Despite first-half reverses, French group positioned to weather ‘intense and unprecedented’ global crisis
Clermont-Ferrand, France – Group Michelin has seen its first half results significantly impacted by the Covid pandemic and the ensuing slow demand.
The French tire maker posted 78% year-on-year lower operating income at €310 million or 3.3% of sales in the first six months of the year, compared to €1.43 billion registered the year before.
Sales for the period fell 20.6% to €9.35 billion, due mainly to a 22.4% decrease in volumes, caused by “worldwide collapse in tire demand,” Michelin announced 27 July.
Overall, the group reported a net loss of €137 million for the period, down from €844 million reported in the first half of 2019.
The French group linked the substantial decrease in operating income to a €1.5 billion decline in sales caused by a sharp drop in volumes.
Sales volumes, it said, fell “due to the health crisis, a deep fixed cost shortfall and a loss of industrial productivity,” which were partly offset by government-backed furlough grants.
Other factors negatively impacting operating income included a €77 million decrease from Covid-19-related expenditure, including the cost of purchasing and producing masks and hand sanitiser.
Price-mix effect still delivered a positive combined total of €217 million during the period, while lower cost of raw materials contributed €44 million to the income.
Michelin also posted a €3 million increase in operating income from the consolidation of Indonesian tire maker Masternaut and Multistrada and the removal of BookaTable, it said.
In addition, the tire & rubber company said it saved €192 million through a reduction in SG&A expense as part of its cost-cutting measures during Covid.
Breaking down performance by segments,Michelin said in its passenger car and light truck segment, OE demand dropped after vehicle manufacturers suspended production.
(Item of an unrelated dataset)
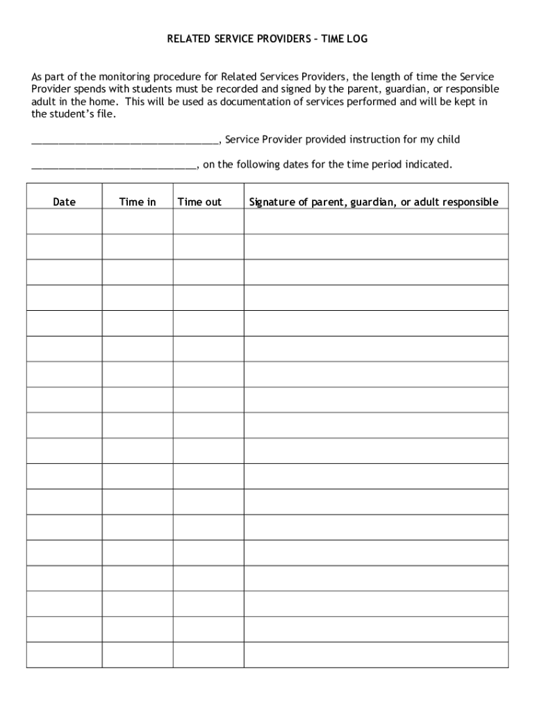 As part of the monitoring procedure for Related Services Providers, the length of time the Service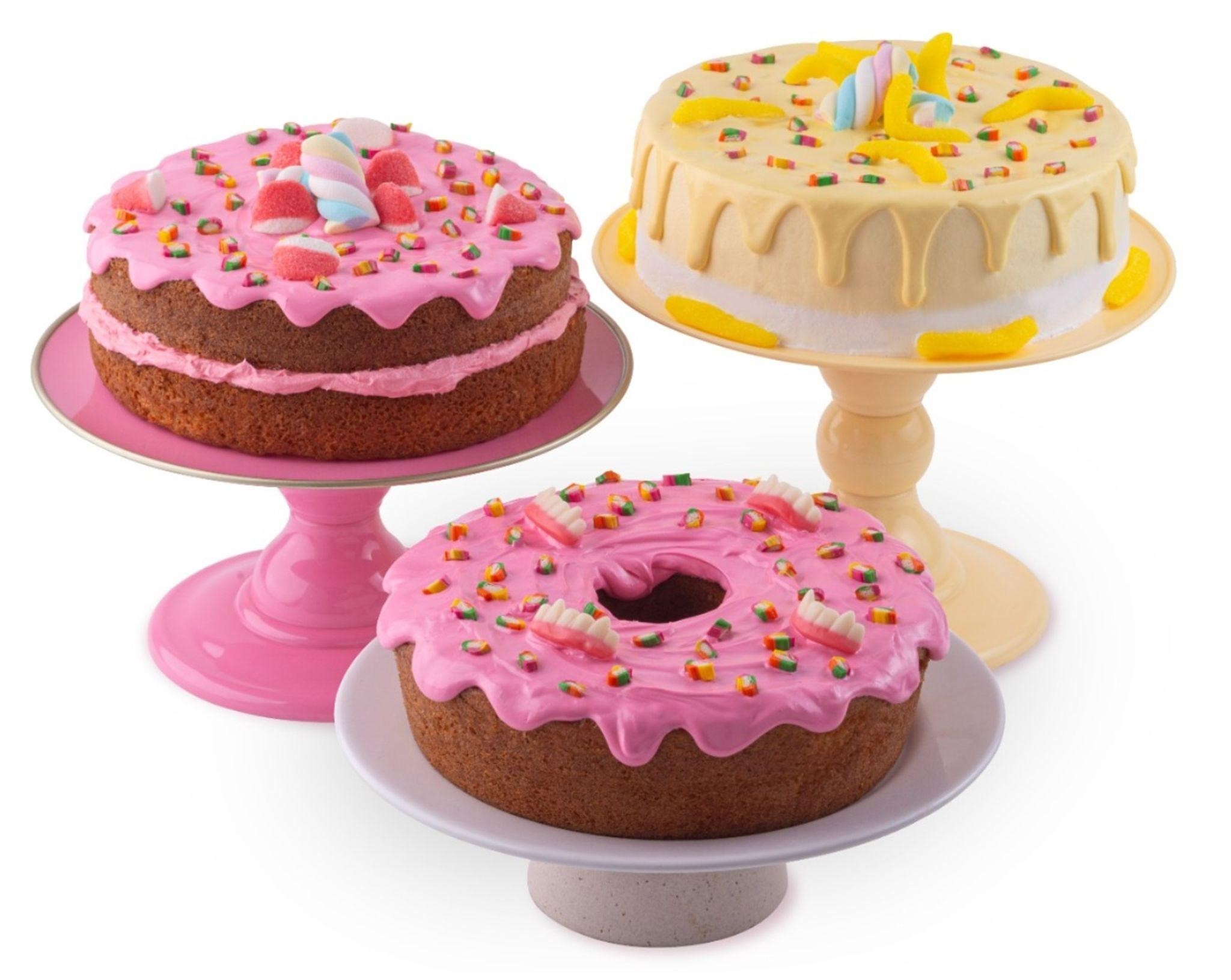 Bolo Premium com Fini Banana: Massa de leite com recheio de creme e gelatina Fini Banana, coberto com chantilly e decorado com gelatinas Tubbes e pedaços de marshmallow.

The replacement market also saw “a historic collapse” due to travel restrictions.
Segment sales fell 22.3% to €4.4 billion during the first six months of the year, reflecting a 24.3% decline in volumes.
Sales dropped in all regions, including North America, Europe and China which saw 21%, 19% and 15% declines respectively.
Segment operating income went into negative territory at €35 million, down from €585 million reported a year before. Operating margin stood at -0.8%.
In truck tires, Michelin said OE demand had started its expected cyclical downturn when the health crisis pushed it into a steeper decline.
Replacement markets, it added, were hit hard by the sharp decrease in demand for freight services.
The second quarter, however, saw a very strong 45% rebound in OE demand in China, bringing sales figures for the region to the positive territory by 6% in the first half.
The segment’s reported operating income of negative €30 million, down from €279 million in 2019, with operating margin of negative 1.3%.
The speciality segment, which represents mining, agriculture and construction, two-wheel and aircraft tires, performed relatively stronger than other Michelin businesses in the first half, with sales down 14.3% year-on-year to €2.5 billion in the first half.
The decrease primarily reflected the 15.0% drop in volumes, led above all by the construction tire segment and the OE business as a whole.
Segment operating income fell 35% to €375 million, according to Michelin.
Despite the weak overall results, Michelin said it is in a good financial position to weather the ‘intense and unprecedented’ crisis, supported by its diversified offering.
“The group has undertaken all the measures needed to secure the sustainability of its operations and attenuate the financial impact of the economic slowdown,” said Florent Menegaux, chief executive officer.
As for the 2020 outlook, Michelin said it expected global tire demand to be “impacted in the second half of the year by the economic recession ensuing from the pandemic.”
Passenger car and Light truck tire markets are expected to decline by 15% to 20% over the year and Truck tire markets by between 13% and 17%, Michelin said.
Michelin also anticipates its speciality segment to contract by 13% to 17% despite the segment’s “relative resilience”.
Barring any new systemic impact from Covid-19, Michelin aims to deliver full-year operating income in excess of €1.2 billion and structural free cash flow of more than €500 million.
Michelin, however, noted that it is “still a highly uncertain market scenario.”
Based on the trends observed to date, the group said it expected business to return to 2019 levels in the second half of 2022.